Drew was the first person I met when I first arrived at Cressman University. He took me around the whole campus and made me feel welcome. It was just the two of us for most of the semester. Eventually, I met Patrick and Josh through my classes and it was a perfect fit with our different but complimentary personalities. Patrick was always easygoing and liked to treat Drew like a little brother. Josh was a mix of super mature and playfully juvenile.

It was just the two of us right then as I filled the air with a nervous, tight little melody. I supported Drew in whatever financial revenge he wanted to conduct. The problem was still feeling like I was standing too close to Ground Zero for something I didn’t understand. Warning my roommate about what was going on felt like a good idea, but I barely had the words inside my head to personally contextualize what happened, let alone translate that for someone who hadn’t been there. And the worst part was, I felt like no matter what I said to Drew, he would be instead intrigued and skeptical, and roll himself over to that hall and probably wind up with a big honking pair of tits. I refused to imagine further than that.
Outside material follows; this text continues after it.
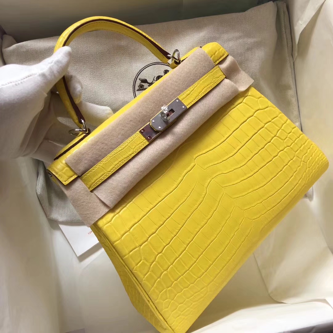 Hermès(爱马仕)Kelly Matt crocodile 雾面尼罗鳄 9R柠檬黄 28cm 2018年12月23日 0 【鳄鱼世家】www.Eyubao.com Kelly 28 Kelly 凯莉包 品牌:Hermès(爱马仕);类别:Kelly凯莉包;颜色:柠檬黄;材质: 雾面尼罗鳄;等级:顶级;附件:全套包装礼盒;尺寸:28cm;功能:手提单肩包
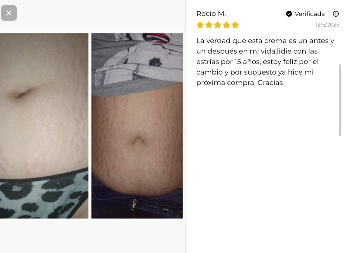 La crema ayuda a reducir la visibilidad de las estrías por sí sola, pero sus efectos se potencian con una buena hidratación, alimentación saludable y actividad física regular.

Drew was heading out though, to grab a wheelchair-accessible Lyft to take him over to the Basin. He had ambitions greater than just knocking on this Internet person’s door though. It felt like the lost dollars were just an excuse for a mini road trip. If I was in a different state of mind, I eagerly would’ve joined him for the opportunity to just drive a little way and let the tangled blocks of words settle and assemble into something creative in my mind.

It didn’t matter where I was going either. I just had to get away from here.